Work to complete:
Using the records below, transcribe word for word the stretch from the line that contains "У кого есть" through the line that contains "3.教职工子女可就读润城小学、初中、高中;", both end lines included, and nothing else.

Task input:
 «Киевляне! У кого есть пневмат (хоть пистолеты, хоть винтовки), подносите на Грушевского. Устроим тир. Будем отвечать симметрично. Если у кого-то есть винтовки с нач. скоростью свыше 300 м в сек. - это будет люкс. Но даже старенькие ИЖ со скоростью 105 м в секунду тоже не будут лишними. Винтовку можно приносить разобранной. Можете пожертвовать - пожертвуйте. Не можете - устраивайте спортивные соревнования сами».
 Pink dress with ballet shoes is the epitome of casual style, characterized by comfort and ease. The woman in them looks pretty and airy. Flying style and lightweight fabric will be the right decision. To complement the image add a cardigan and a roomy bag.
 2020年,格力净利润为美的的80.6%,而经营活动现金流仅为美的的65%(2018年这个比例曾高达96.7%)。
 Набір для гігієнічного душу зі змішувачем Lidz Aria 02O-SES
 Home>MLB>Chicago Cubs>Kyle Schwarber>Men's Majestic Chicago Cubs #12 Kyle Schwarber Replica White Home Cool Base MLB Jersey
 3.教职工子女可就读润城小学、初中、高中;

* * *

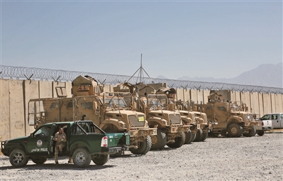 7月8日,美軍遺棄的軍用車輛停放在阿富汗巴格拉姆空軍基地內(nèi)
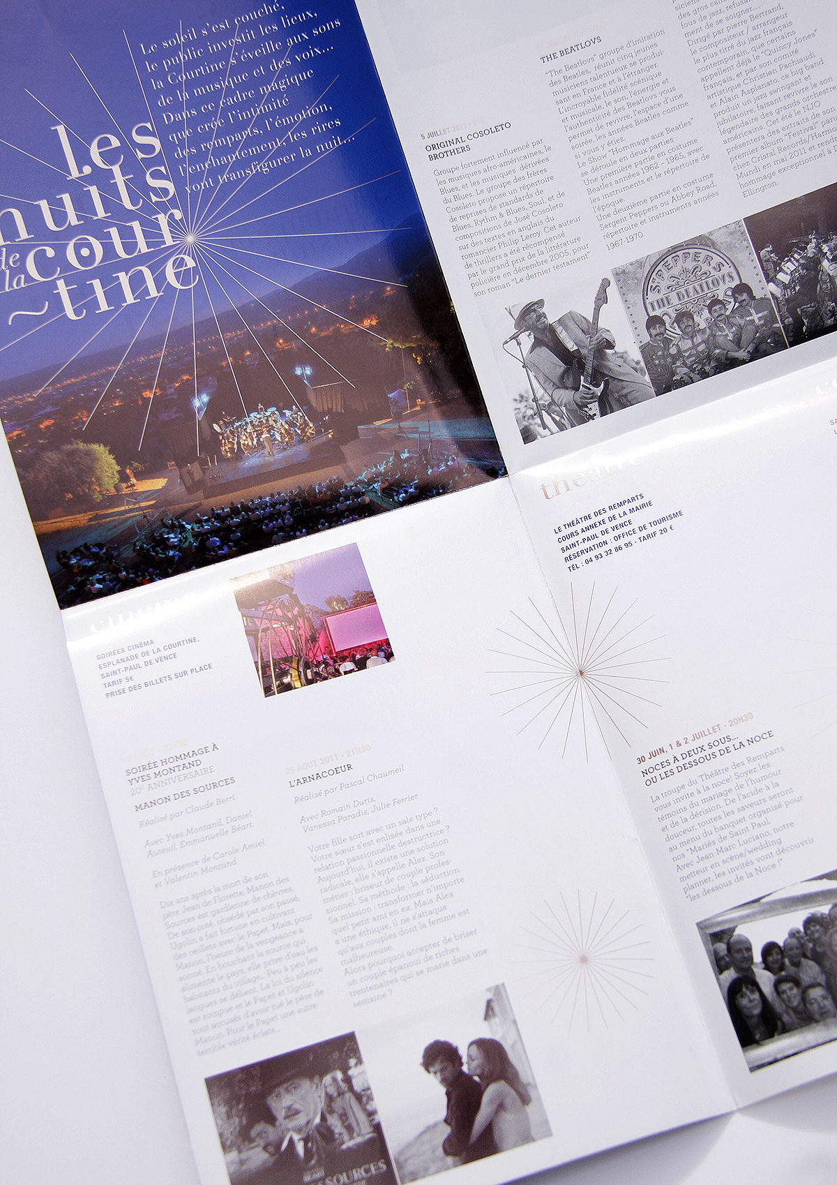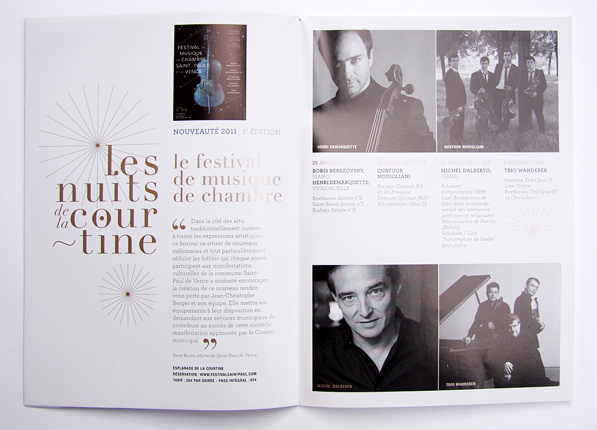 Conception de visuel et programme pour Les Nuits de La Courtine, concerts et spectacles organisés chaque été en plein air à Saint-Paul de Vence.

Answer area:
 «Киевляне! У кого есть пневмат (хоть пистолеты, хоть винтовки), подносите на Грушевского. Устроим тир. Будем отвечать симметрично. Если у кого-то есть винтовки с нач. скоростью свыше 300 м в сек. - это будет люкс. Но даже старенькие ИЖ со скоростью 105 м в секунду тоже не будут лишними. Винтовку можно приносить разобранной. Можете пожертвовать - пожертвуйте. Не можете - устраивайте спортивные соревнования сами».
 Pink dress with ballet shoes is the epitome of casual style, characterized by comfort and ease. The woman in them looks pretty and airy. Flying style and lightweight fabric will be the right decision. To complement the image add a cardigan and a roomy bag.
 2020年,格力净利润为美的的80.6%,而经营活动现金流仅为美的的65%(2018年这个比例曾高达96.7%)。
 Набір для гігієнічного душу зі змішувачем Lidz Aria 02O-SES
 Home>MLB>Chicago Cubs>Kyle Schwarber>Men's Majestic Chicago Cubs #12 Kyle Schwarber Replica White Home Cool Base MLB Jersey
 3.教职工子女可就读润城小学、初中、高中;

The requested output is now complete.